- Genre: Factual
- Presented by: Pat Ryan
- Country of origin: Australia
- Original language: English

Production
- Running time: 10 minutes

Original release
- Network: GTV-9
- Release: 1957 – 1957

= Road Safety (TV series) =

Road Safety is a 1957 Australian television series aired on GTV-9 in Melbourne. Each episode aired in a 10-minute time-slot on Mondays. Like most early Australian series, it aired in a single city only.

In the series, constable Pat Ryan gave "points on road safety, courtesy and rules".

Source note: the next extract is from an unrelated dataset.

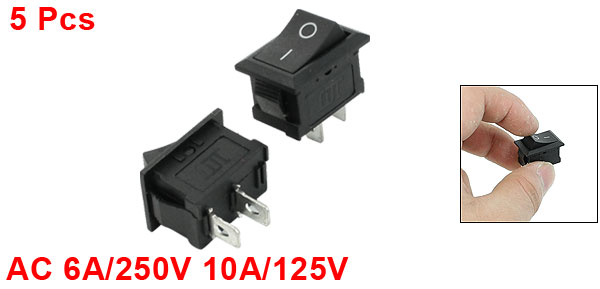 5 Pcs AC 6A/250V 10A/125V SPST 2 Pins I/O Snap In Boat Rocker Switch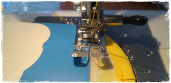 (2)布の端をふちどりテープで挟みこみ、ミシンにセットします。

A TV schedule from March 1957 shows the series at 7:50PM, following a Roy Rogers film and followed by Jack Davey's game show Give it a Go, and aired against Disneyland on HSV-7 and the 1954 version of Sherlock Holmes on ABV-2. GTV-9's other locally produced programming on that day were The Happy Show (a children's series that later became The Tarax Show), news, and the popular Professor Browne's Study segment.

Though the series is extremely obscure, it represents an early experiment in programming by GTV-9, as the station tried to determine what kind of programming would appeal to viewers. Most 1957 Australian series were fairly short-lived, as stations tried out different formats to see which worked.

The series was later replaced on the schedule by another 10-minute segment, Football Survey.

Although the rather primitive kinescope recording technology existed, none of the episodes are known to survive.